After ultrasonic treatment, the speed of tooth movement was increased by about 1.5 times. And the number of osteoclasts considerably increased by about 2 times. However, they decreased slightly after aspirin gavage. By Applying ultrasound therapy, Receptor Activator for Nuclear Factor-κ B Ligand (RANKL) levels in periodontal tissue were elevated. Aspirin was able to reduce these increases. Results from Micro Computed Tomography (Micro-CT) revealed that bone mineral density decreased by about 1/5 after ultrasound treatment on the compression side. The rate of bone mineral apposition indicated that bone was forming under tension, and that of the OU group increased by about 1.3 times that O group.

Conclusions

Although aspirin slowed this trend, LFHIU still enhanced overall tooth mobility in orthodontic treatment.

Orthodontic treatment is becoming more popular due to the improvements it produces in masticatory function and aesthetics. However, because of the longer treatment duration [1] and the complications such as white spot lesions [2], dental root resorption [3], and periodontal disease [4] etc., researchers paid more attention to these concerns. Among them, it is a challenging issue that accelerating tooth movement or accelerating the movement of difficult-to-move teeth. Furthermore, it is a requirement for patients and a goal of clinicians that accelerate tooth movement healthily [5].
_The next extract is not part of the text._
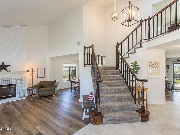 Perched atop a ridgeline, this home enjoys sweeping views of the surrounding valleys and mountains. You can literally see for miles all around! From sunrise to sunset and beyond, you'll never get tired of this view. It's spectacular and you can enjoy these views from just about every room in the house! As if that's not enough, the home itself has loads to offer. As you enter, you're greeted by vaulted ceilings and a spacious formal living room with toasty fireplace with shiplap accent and a bay window. The stylish kitchen boasts quartz countertops, stainless steel appliances, newer hardware, a walk-in pantry, breakfast bar and room for casual dining. In the middle of all the action, it's adjacent to the family room and looks out onto the pool and spa. The flow of this home is ideal for entertaining and there's plenty of room for all your family and friends! As great as this is, you may never want to leave your master suite. It features a large retreat that's perfect as an office, nursery or space to exercise. There's also a cozy fireplace, a walk-in closet and a wrap-around balcony where you can relax with both east and north facing views. The master bath has newer dual vanities with carrara marble, tile flooring, a soaking tub and separate stall shower. The second level also offers two good sized bedrooms with walk-in closets and a shared jack-and-jill bath with newer vanities and tile flooring. There is also a bedroom and full bath on the first floor which is great for guests. That bath has a convenient door to the side yard, so your pool guests can have easy restroom access. Other improvements within the last two years include: interior paint and new flooring throughout - primarily waterproof SPC plank with tile in the entry and baths, new doors and added storage loft in garage, removable pool fencing, additional parking area added with fencing and landscape lighting. The rear, front and side yards all have tremendous views. Soak it in from the flagstone trimmed, salt-water pool & spa or while entertaining on the upper deck or under the covered patio. But wait, there's also plenty of grassy area for play, pets or to exercise your green thumb. This property is truly a rare offering. Schedule your private viewing appointment today!

At present, methods of accelerating orthodontic teeth movement include surgical treatment, pharmaceutical treatment, and physical treatment, such as corticotomy [6], local injection of parathyroid hormone [7] or prostaglandin E2 [8], low-energy laser irradiation [9], vibration [10], and low-intensity pulsed ultrasound [11,12,13,14], etc. Trauma and side effects are the main concerns when using surgery or drugs [15,16,17]. Vibration [18], on the other hand, is a non-invasive treatment for accelerating tooth movement that has no notable adverse effects. Teruko et al. [19] verified that high-frequency vibration (3gF, 70 Hz, 3 min once a week) might increase osteoclastogenesis via NF-κB activation and hence speed tooth movement. Ultrasound [20], a non-invasive method like vibration, is also considered an effective way to promote tooth movement. Xue et al. [21] found that LIPUS (30 mW/cm², 1.5 MHz, 20 min once a day) increased orthodontic teeth movement via the RANKL and HGF/Runx2/BMP-2 signaling pathways.
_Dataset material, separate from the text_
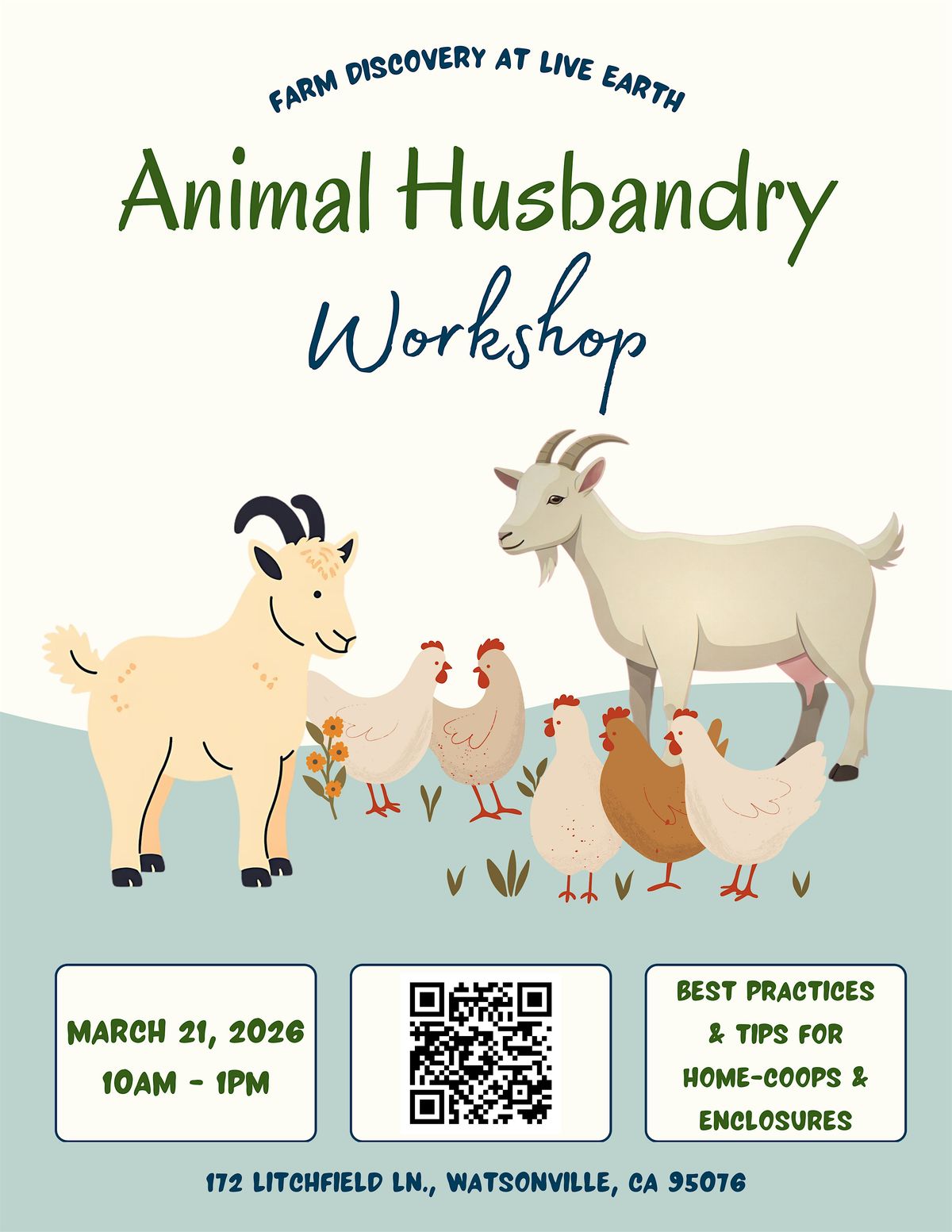 Learn the essentials of animal husbandry in this hands-on workshop designed for home & small-scale keepers. Participants will explore best practices for caring for animals, including chickens, goats, and other small livestock, with a focus on creating healthy, safe, and comfortable coops and enclosures. The workshop covers practical topics such as proper feeding, housing design, sanitation, disease prevention, and enrichment, as well as tips for monitoring animal health and behavior.

Previous researches showed low-intensity pulse ultrasound could speed up orthodontic tooth movement [11, 12, 22]. However, a clinical study [23] found that a single dose of LIPUS applied at 3 weeks did not speed up or lessen the pain associated with orthodontic tooth movement. Moreover, we could find that the treatment duration was around 20 min [24], which might reduce patients’ compliance. There was a study [25] showed that higher ultrasound intensity can make the RANKL gene expression higher at 24 h. One study examined the effects of ultrasonic at 1 MHz, 0.1 W/cm², and 45 kHz, 0.03 W/cm² on mesenchymal stem cells. It was discovered that 45 kHz ultrasonic vibration produced more prostaglandin E2 than 1 MHz ultrasonic [26]. Prostaglandin E2 increases the production of osteoclasts, implying that ultrasonic with a lower frequency may be more favorable to the formation of osteoclasts. Currently, almost all research on the acceleration of orthodontic teeth movement by ultrasonic is limited to low-intensity pulsed ultrasound and does not apply to higher intensity or lower frequency ultrasonic vibration.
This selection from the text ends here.